Batuyong and his team, which includes FOH mixer Josh Manville and monitor mixer Matt Russell, knew that they wanted a compact SD12 at the front-of-house position in the theater, which has a capacity of around 500 standing plus another 150 to 200 on the mezzanine. “Having an SD12 at front-of-house saves us so much space because it’s so small, yet it still has all the functionality. And that made everybody happy, because everyone that normally congregates at front-of-house suddenly had more room,” he says.
When he contacted Matt Larson, vice president of professional audio for DiGiCo’s US distributor, Group One Ltd, in late 2019 to see what options might be available for the monitor desk, “Matt said, ‘Don’t buy yet; wait until the NAMM Show. I can’t tell you what’s coming, but you’re going to want it.’ I said, ‘Sign me up; I trust you.’ We didn’t know it was going to be Quantum, although we hoped.”
But then, says Batuyong, “We found out that it was a whole new Quantum machine. It was everything we’d hoped for and more - way more.” The venue’s new Quantum338, which is based on seventh-generation FPGAs and an entirely new system architecture, is fitted with 112 inputs and 48 outputs, all incorporating DiGiCo’s new ‘Ultimate Stadius’ 32-bit ADC and DAC conversion, plus DMI-AES cards supporting 16 AES I/O.
Two SD-Racks are connected optically, he also reports. “We run everything on a loop and share the head amps, one mixer using the gains and setting them, and then everybody using trims beyond that. No one is using gain tracking. We found that that works the best for us.”

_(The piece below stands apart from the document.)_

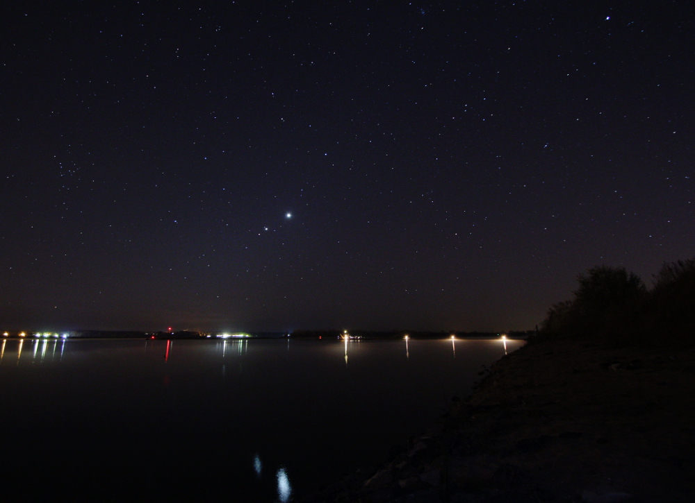 Венера, Юпитер, Марс, отражения Венеры и Юпитера, и, разумеется, Земля. Виден слабый зодиакальный свет. Снято 21 октября 2015 года на окраине Нижнего Новгорода.
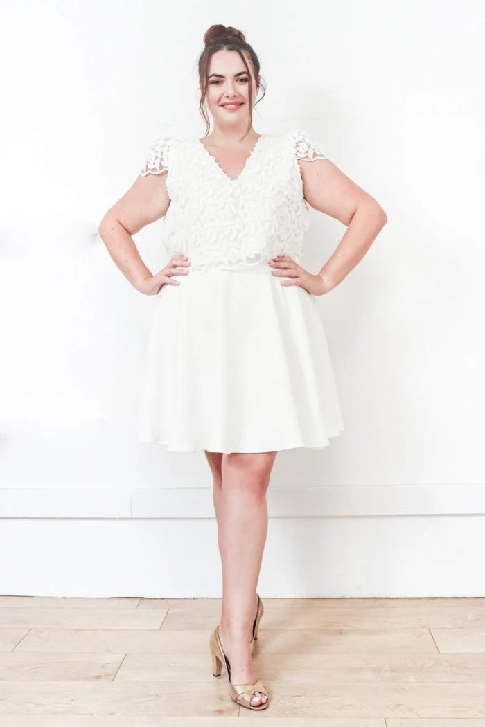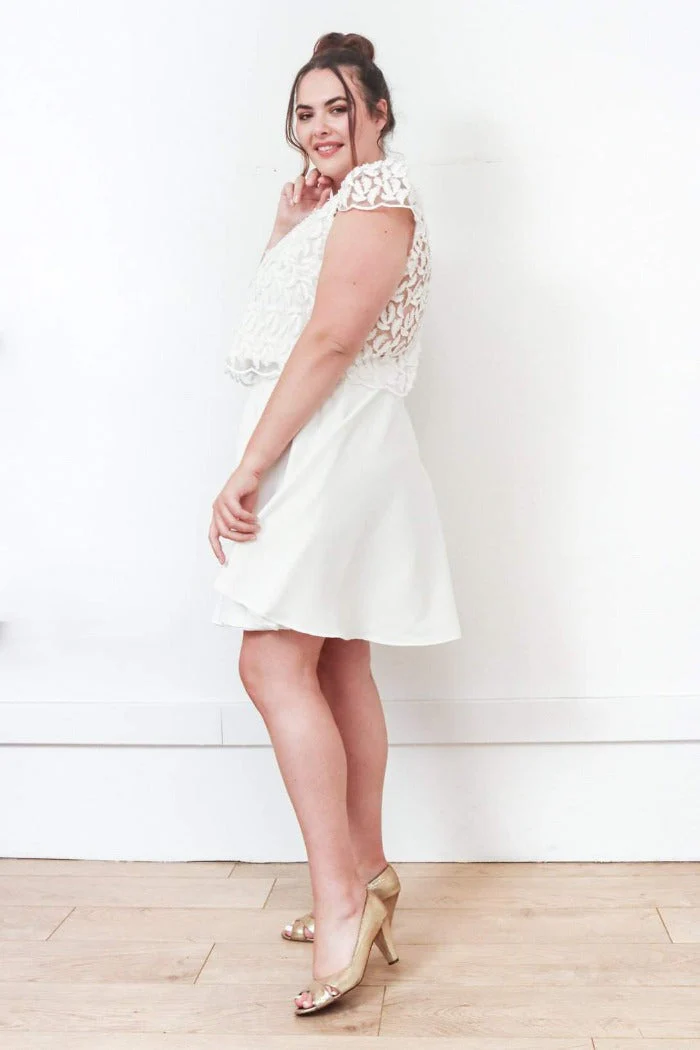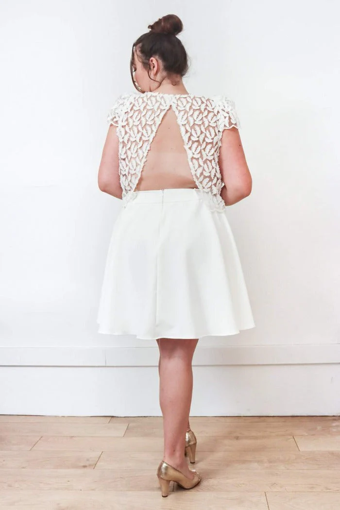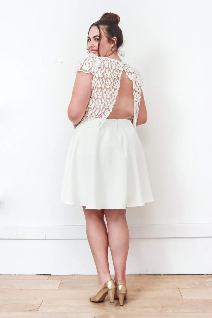 Crop top de mariée, grande taille, en dentelle plume et dos nu inversé.

The iHeartRadio Theater Los Angeles had been closed since the start of the coronavirus pandemic, so the festival marked the venue’s debut of its new Q338. “We shut down, like everyone else, in March. And we didn’t receive the Q338 until June,” says Batuyong. “We did use the SD12 on a few shows earlier in the year, but the tenth anniversary music festival was the maiden voyage for the Q338, and it was 100 percent amazing.”